» **Task inputs**:
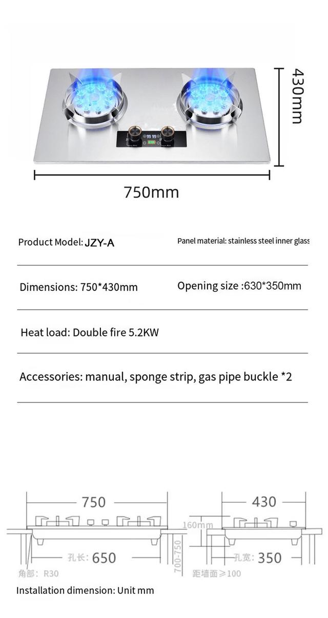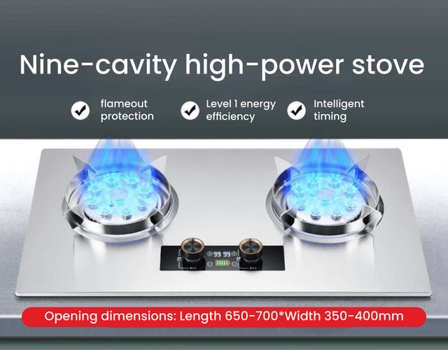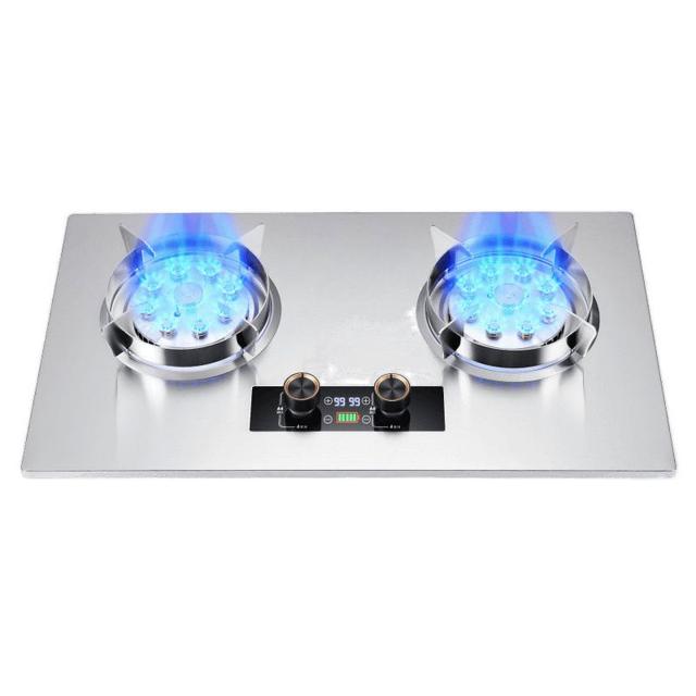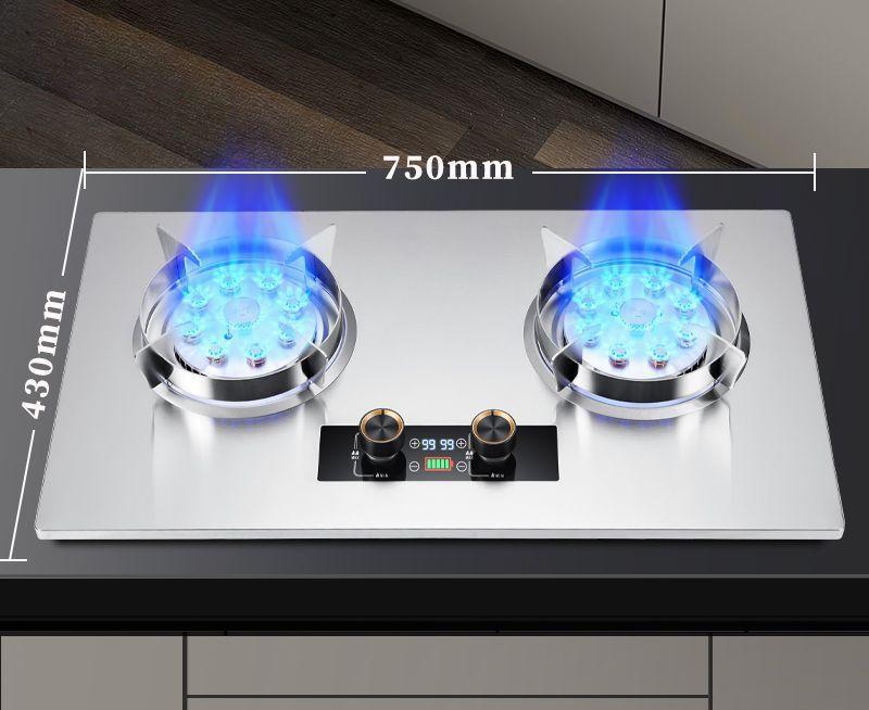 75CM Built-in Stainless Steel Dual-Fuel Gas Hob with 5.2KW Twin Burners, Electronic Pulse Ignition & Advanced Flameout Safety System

---

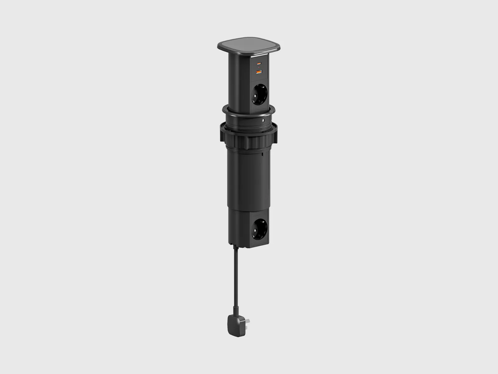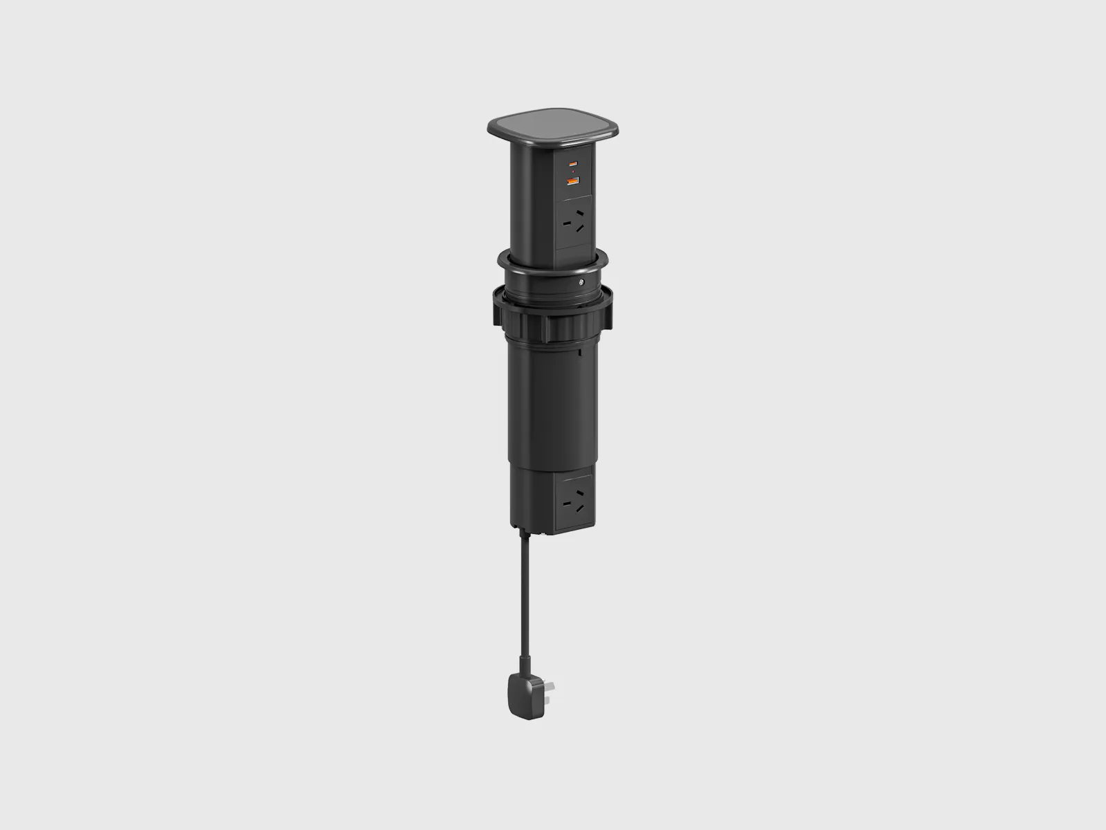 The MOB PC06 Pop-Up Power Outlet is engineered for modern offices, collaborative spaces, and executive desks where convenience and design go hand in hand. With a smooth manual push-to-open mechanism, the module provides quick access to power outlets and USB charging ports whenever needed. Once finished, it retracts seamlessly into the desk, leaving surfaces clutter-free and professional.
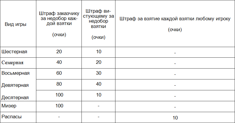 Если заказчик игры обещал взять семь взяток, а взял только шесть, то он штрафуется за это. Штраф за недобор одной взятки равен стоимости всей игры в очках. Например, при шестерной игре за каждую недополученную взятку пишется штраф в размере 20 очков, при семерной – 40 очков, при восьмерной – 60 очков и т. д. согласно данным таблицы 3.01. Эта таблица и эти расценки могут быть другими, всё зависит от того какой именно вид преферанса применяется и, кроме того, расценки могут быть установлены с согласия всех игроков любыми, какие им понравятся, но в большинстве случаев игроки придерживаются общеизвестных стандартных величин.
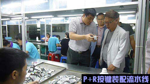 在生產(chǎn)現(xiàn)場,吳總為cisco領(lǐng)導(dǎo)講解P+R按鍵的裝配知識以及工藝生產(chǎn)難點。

» **Your instructions**: Both boundary lines included, write out word for word only the lines above from the one containing "Если заказчик игры" to the one containing "在生產(chǎn)現(xià", leaving out any pictures.

» **Answer section**:
 Если заказчик игры обещал взять семь взяток, а взял только шесть, то он штрафуется за это. Штраф за недобор одной взятки равен стоимости всей игры в очках. Например, при шестерной игре за каждую недополученную взятку пишется штраф в размере 20 очков, при семерной – 40 очков, при восьмерной – 60 очков и т. д. согласно данным таблицы 3.01. Эта таблица и эти расценки могут быть другими, всё зависит от того какой именно вид преферанса применяется и, кроме того, расценки могут быть установлены с согласия всех игроков любыми, какие им понравятся, но в большинстве случаев игроки придерживаются общеизвестных стандартных величин.
 在生產(chǎn)現(xiàn)場,吳總為cisco領(lǐng)導(dǎo)講解P+R按鍵的裝配知識以及工藝生產(chǎn)難點。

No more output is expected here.